Making artificial intelligence (AI) work in banks requires a combination of roles and skill sets: data scientists, data engineers, ML engineers, software developers, subject matter experts, quants, model risk analysts, policy and governance managers to name but a few.
Bringing these skill sets together requires meticulous management and a board that understands the challenges and opportunities of deploying AI. Although there is evidence of people working in AI in banks with decades worth of experience this is still a relatively new field. This can mean that there is little consistency in nomenclature across the banks, let alone a single view of best practice.
In this report, research firm Evident tracks the broad groups of people who make up the AI ecosystem inside our featured banks to try to make sense of the evolving talent stack.
15 points
1. The 60 largest North American and European banks and payment providers employ at least 46,000 people in the “AI & Data Core” (AI development, data engineering and governance & ethics roles), with as many as 100,000 global banking roles (including Implementation, Quants and Model Risk) involved in bringing AI to market.
2. Even as banks cut jobs and institute hiring freezes they continue to invest in AI. AI & Data Core net staff numbers are up 4% from October 2022 to March 2023 – and 40% of AI staff started in their role since January 2022 3. J.P. Morgan has the most AI staff. They employ over 10% of the total and continue to accelerate. Between February and April 2023, they advertised for ~20% of all the AI & Data Core jobs posted by banks.
4. However, Capital One is the leading bank on AI talent density, with the highest proportion of its staff working in AI (in line with payment providers like PayPal, Visa).
5. In Europe Evident sees key banks rising to the challenge: BNP Paribas ranks #5 in terms of overall number of AI & Data Core staff, and ABN Amro and ING Groep are 2nd and 3rd banks for talent density. Deutsche, BNP Paribas and Barclays are all in the top 5 for current AI recruitment.
6. New York is the global center for AI talent, as measured by number of staff, followed by London, Toronto, Bengaluru and Paris. India has 3 cities in the Top 10, as does the US. London’s second place is fragile: for AI & Data Core only (i.e. without Quants) London ranks fourth, with Toronto and Paris moving up.

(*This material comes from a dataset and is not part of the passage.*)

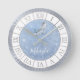 Crie seu próprio relógio da Cinderela em um único e bonito modelo com arte original de Raphaela Wilson. O design de conto de fadas retrata um calçado de vidro elegante/escorregador de cristal com uma bonito borboleta branca e números romanos ricos para os números. Adicione um nome personalizado, monograma ou iniciais, e este relógio da princesa pode fazer um presente personalizado memorável em qualquer celebração onde este tema real é chamado como: Casamentos da Cinderela, uma quinceanera azul bebê / marmelo, festa de aniversário, chá de fraldas e outros momentos especiais no inverno. Até mesmo use esses relógios de Cinderela como decorações para seu castelo de quarto, decoração de cozinha doméstica ou presentes de escritório mágicos. Sinta-se à vontade para personalizar ainda mais a design da princesa para revelar outro trabalho de arte criativo a adicionar ao seu relógio, como uma carruagem de abóbora desenhada por cavalos com borboletas / coroa e uma face de relógio gráfico svg que você pode mudar para quaisquer 4 cores - mesmo em tons de rosa, se desejar! Preferir a tipografia de tendências diferentes? Basta selecionar o script de caligrafia moderno e alterá-lo para outra fonte que melhor se adapte ao seu estilo. Você poderá assistir enquanto o relógio quase atinge meia-noite (doze) em tempo real. Aproveite! Categoria: adoráveis ideias de presentes da Princesa Cinderela para crianças e adultos. Tema das cores: pasta azul clara, azul poeirento macio, cinzas claras, cinzas escuras, prata metálica falsa e branco-brilho de diamante.

7. India is 2nd to the US in terms of total AI staff numbers, concentrated in six major cities largely driven by historic IT offshoring decisions. 8. Different models of AI staff deployment are emerging. Canadian banks are centralised in Toronto (making it the world centre for AI and Data Core staff) whereas US banks are far more dispersed: Wells Fargo has AI-related staff in over 100 cities, likely reflecting legacy as much as strategy.
9. In most markets, domestic banks employ the majority of domestic AI talent. The UK is unique in that US banks employ more AI talent in London and employ more alumni from leading universities than domestic players. 10. Poaching from other banks is the largest source of AI talent for banks. US banks have a small net inflow, partially at the expense of UK banks. However, most poaching is within markets rather than between them. Wells Fargo, RBC, BNP Paribas and HSBC lead net inflows in their respective markets.

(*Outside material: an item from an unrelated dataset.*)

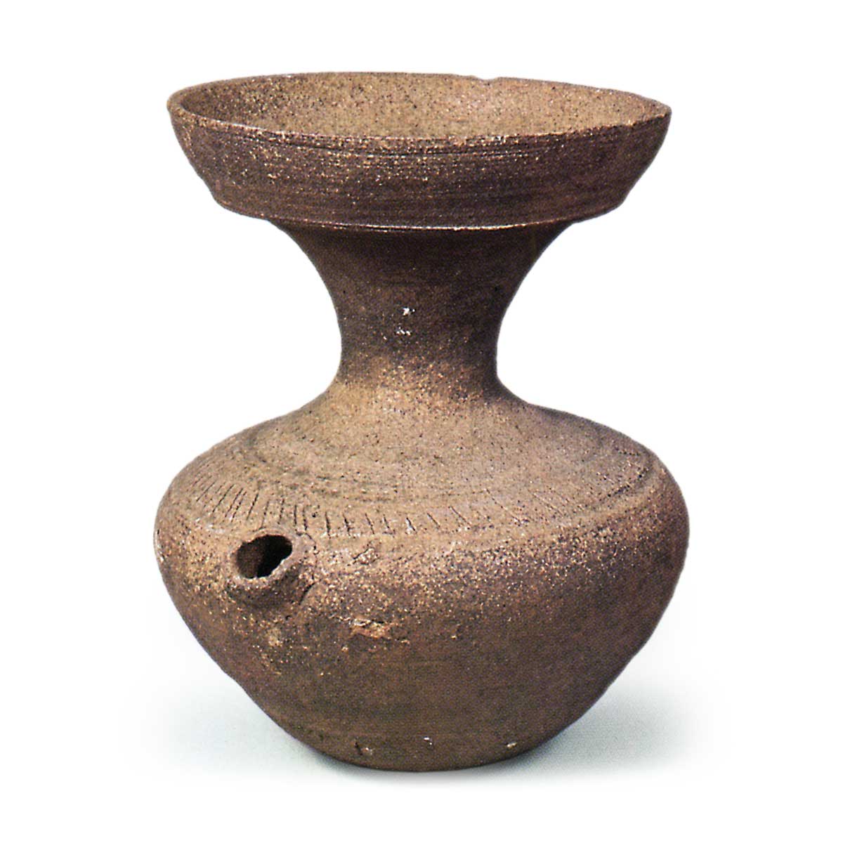 須恵器 𤭯 日本須恵器 𤭯 2024.12.11 須恵器 𤭯 爱知县丰川市住谷烧平12号古墓出土7世纪高14.1厘米,直径10.5厘米,瓶身直径10.9厘米一宫町教育委员会到了7世纪中期,瓶口形状已变为紧箍状,直径接近瓶身直径。唇缘装饰依然清晰可见,但开始出现填满的趋势。瓶身中央的刻线与梳齿纹消失了,图案退化,如这件作品,图案仅延伸到肩部。

11. Consultancies like Tata and Accenture are the largest source of AI talent from outside the industry. Most staff who leave a bank go to other banks but, on a very limited data set, Amazon is the largest external hirer. 12. The University of Toronto has more alumni in the industry than any other university.
13. North American organizations have led on building research teams to spearhead their AI strategy, at least partially based on inspiration from bigtech. J.P. Morgan’s research dominance is being challenged by Ant Financial, with RBC, Visa and CapitalOne also showing strong momentum in this space.
14. Despite the explosion of interest in Generative AI, fewer than 2% of recent AI Development Job Descriptions explicitly referenced skills in Generative AI, Large Language Models (LLMs) or ChatGPT.
15. Nor is there evidence that banks are increasing investment in Responsible AI talent – even as the environment on this matter turns serious and regulation looms. Just two banks explicitly recruited for Responsible AI roles between February and April 2023.